▶ ACTIVITY:
Include the line containing "Funda de Cuero" and every line after it up to the end of the material below; reproduce them exactly and drop the pictures.

▶ SUPPLIED INFORMATION:
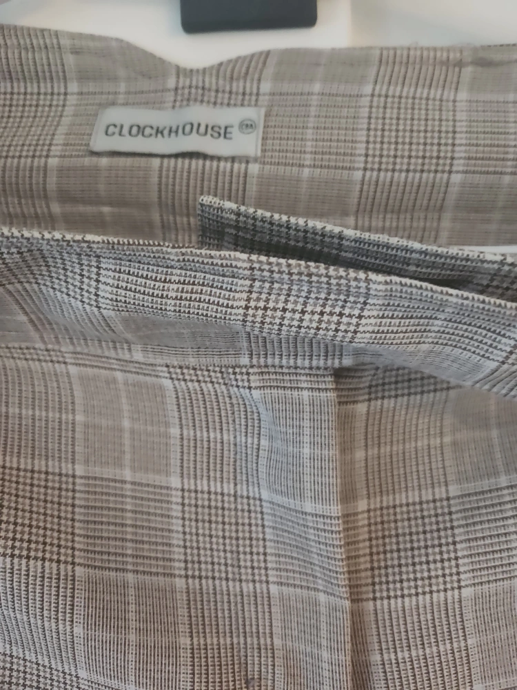 Selling a pair of Clockhouse trousers in a stylish plaid pattern. They are a size 34 and in great condition! Perfect for adding a touch of sophistication to your wardrobe.
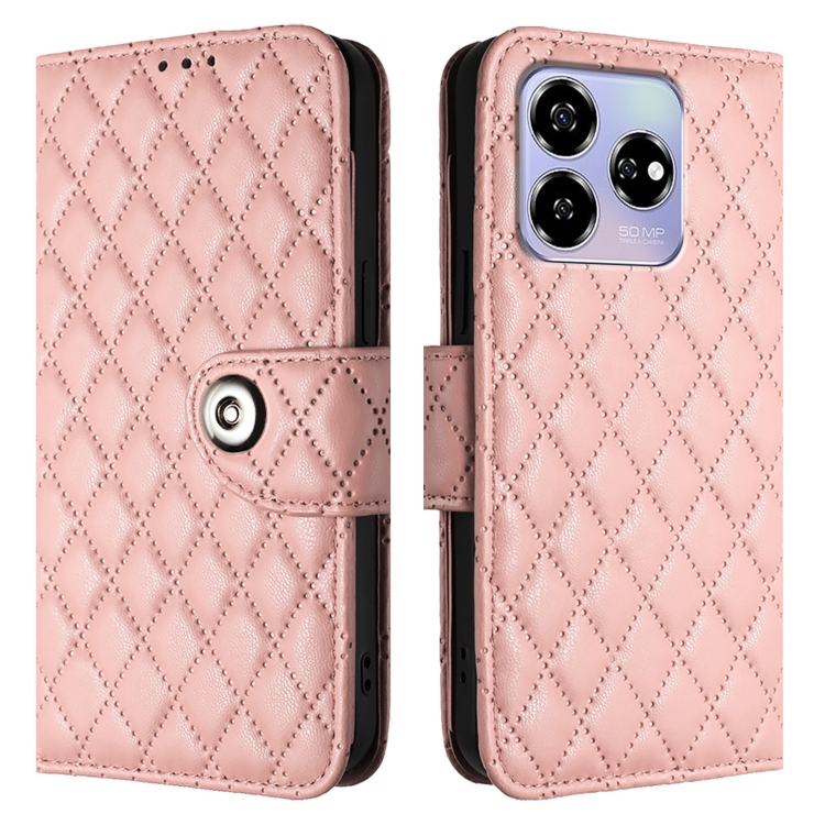 Funda de Cuero con Tapa y Textura Rombal para ZTE Blade V60/Axon 60 4G con Cordón (Rosa Coral)
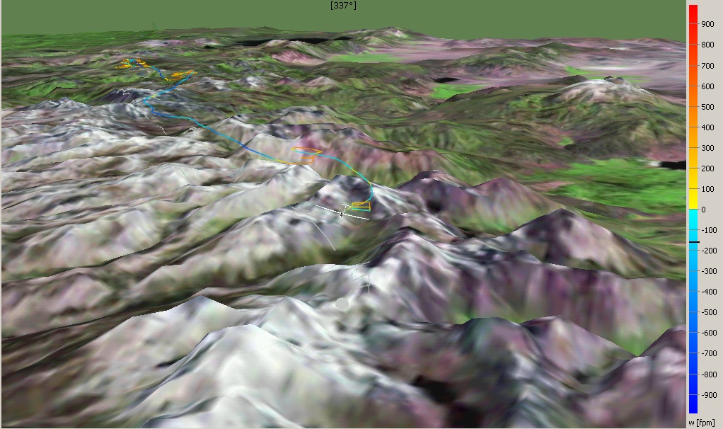 Climbs in several thermals can be seen. The Picture-Thermal provided almost no altitude gain and was either very weak or I was not well centered due to the distraction of taking pictures. The difference in thermal strength can also be seen in the 2D maps. The Picture-Taking thermal is yellow and the preceding, stronger thermal (with an obvious altitude gain seen above) is a hotter orange color. The 3D picture has a scale on the right hand side showing the color key for climb and sink rates in feet/min. In addition to the color coded trace showing the glider's position through the air, SeeYou shows a gray trace for the glider's position over the ground.

▶ WRITTEN SOLUTION:
 Funda de Cuero con Tapa y Textura Rombal para ZTE Blade V60/Axon 60 4G con Cordón (Rosa Coral)
 Climbs in several thermals can be seen. The Picture-Thermal provided almost no altitude gain and was either very weak or I was not well centered due to the distraction of taking pictures. The difference in thermal strength can also be seen in the 2D maps. The Picture-Taking thermal is yellow and the preceding, stronger thermal (with an obvious altitude gain seen above) is a hotter orange color. The 3D picture has a scale on the right hand side showing the color key for climb and sink rates in feet/min. In addition to the color coded trace showing the glider's position through the air, SeeYou shows a gray trace for the glider's position over the ground.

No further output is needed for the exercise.